EXERCISE REQUIREMENTS :: Set down, word for word, each line from the top of the data through the line that has "Ingredients: Rice, maize"; omit every picture.

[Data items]
------------------------

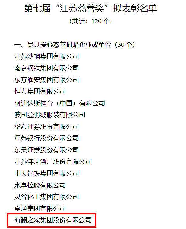 据了解,根据第七届“江苏慈善奖”评选表彰有关要求,经各地或有关部门推荐、专家评审、征求意见、考察等程序,已确定120个单位、个人和慈善项目为第七届“江苏慈善奖”拟表彰对象。此次入选的海澜之家,多年来累计捐款9985万余元。企业于2014年发起“多一克温暖”公益行动,旨在将分散而有限的社会公益力量整合起来,捐赠定制羽绒服帮助中西部山区师生温暖过冬。10多年来,海澜之家“多一克温暖”公益行动,目前已扩展到新疆、西藏、内蒙古、青海等24个省(自治区、直辖市)的1700所偏远学校,为偏远山区师生以及灾区等共计送出30万余件冬衣与物资。此外,海澜之家还发起冬令营、引进教育资源、开展多项文化主题活动,丰富孩子们的课余生活,帮助他们探索未知的世界。
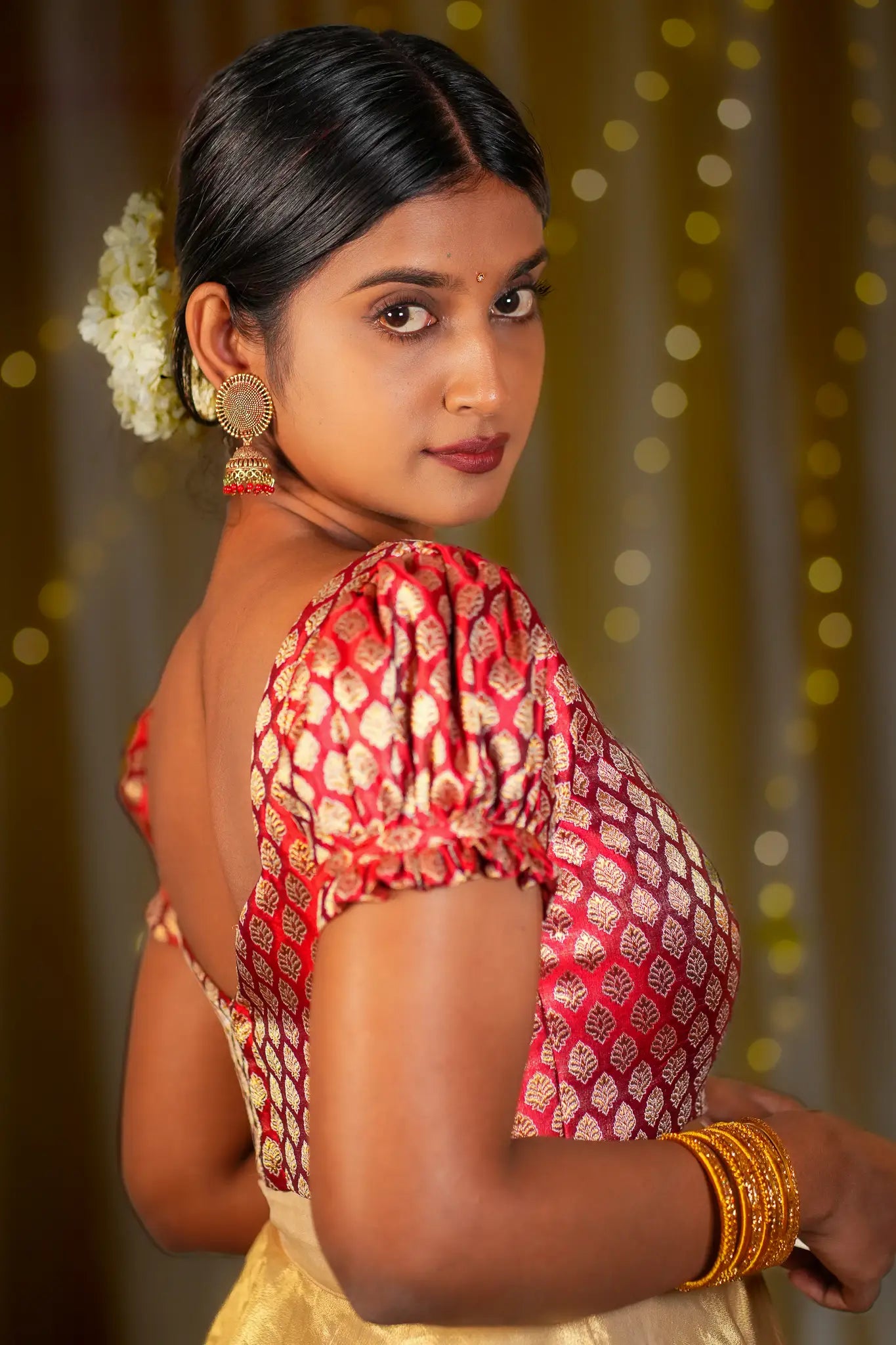 Style this deep maroon Banarasi blouse with a gold, cream, or mustard silk saree for a rich festive look. The elegant neckline pairs well with traditional chokers or layered temple jewelry. A sleek low bun or vintage waves will highlight the puff sleeves beautifully. Complete your ensemble with bold eyeliner, a bindi, and embellished heels for a timeless celebration-ready outfit.
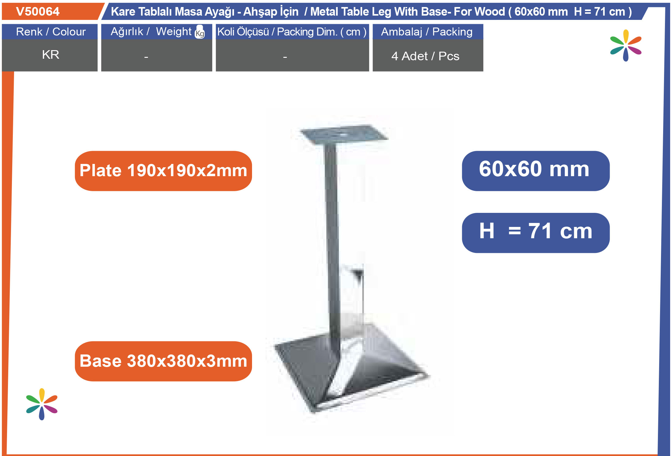 60X60 KARE TABLALI MASA AYAĞI - AHŞAP İÇİN - 71CM
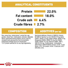 Ingredients: Rice, maize flour, wheat gluten*, animal fat, egg powder, wheat flour, maize gluten, minerals, vegetable fibres, hydrolysed animal proteins, fish oil, soya oil, marigold meal, glucosamine from fermentation, hydrolysed cartilage (source of chondroitin). *L.I.P.: Protein selected for its very high digestibility. Additives per kg: Nutritional additives: Vitamin A (28,000 IU), vitamin D3 (800 IU), taurine (2g), E1 [iron] (79mg), E2 [iodine] (4.9mg), E4 [copper] (6mg) , E5 [manganese] (54mg), E6 [zinc] (151mg), E8 [selenium] (0.24mg). Sensory additives: Contains preservatives and antioxidants.
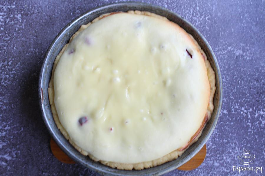 Нежный пирог с вишней под сливочной заливкой понравится всей семье. Готовится пирог просто и достаточно быстро. Пирог получается действительно очень нежный, легкий, с сочной и вкусной начинкой. Для приготовления можно взять свежую вишню без косточек, либо консервированную вишню в своем соку. Нужно иметь ввиду, что тесто пресное, поэтому если вы любите сладкие пироги и десерты, то в свежую вишню нужно будет добавить сахар, или сделать более сладкую заливку.

------------------------

FINAL ANSWER ::
 据了解,根据第七届“江苏慈善奖”评选表彰有关要求,经各地或有关部门推荐、专家评审、征求意见、考察等程序,已确定120个单位、个人和慈善项目为第七届“江苏慈善奖”拟表彰对象。此次入选的海澜之家,多年来累计捐款9985万余元。企业于2014年发起“多一克温暖”公益行动,旨在将分散而有限的社会公益力量整合起来,捐赠定制羽绒服帮助中西部山区师生温暖过冬。10多年来,海澜之家“多一克温暖”公益行动,目前已扩展到新疆、西藏、内蒙古、青海等24个省(自治区、直辖市)的1700所偏远学校,为偏远山区师生以及灾区等共计送出30万余件冬衣与物资。此外,海澜之家还发起冬令营、引进教育资源、开展多项文化主题活动,丰富孩子们的课余生活,帮助他们探索未知的世界。
 Style this deep maroon Banarasi blouse with a gold, cream, or mustard silk saree for a rich festive look. The elegant neckline pairs well with traditional chokers or layered temple jewelry. A sleek low bun or vintage waves will highlight the puff sleeves beautifully. Complete your ensemble with bold eyeliner, a bindi, and embellished heels for a timeless celebration-ready outfit.
 60X60 KARE TABLALI MASA AYAĞI - AHŞAP İÇİN - 71CM
 Ingredients: Rice, maize flour, wheat gluten*, animal fat, egg powder, wheat flour, maize gluten, minerals, vegetable fibres, hydrolysed animal proteins, fish oil, soya oil, marigold meal, glucosamine from fermentation, hydrolysed cartilage (source of chondroitin). *L.I.P.: Protein selected for its very high digestibility. Additives per kg: Nutritional additives: Vitamin A (28,000 IU), vitamin D3 (800 IU), taurine (2g), E1 [iron] (79mg), E2 [iodine] (4.9mg), E4 [copper] (6mg) , E5 [manganese] (54mg), E6 [zinc] (151mg), E8 [selenium] (0.24mg). Sensory additives: Contains preservatives and antioxidants.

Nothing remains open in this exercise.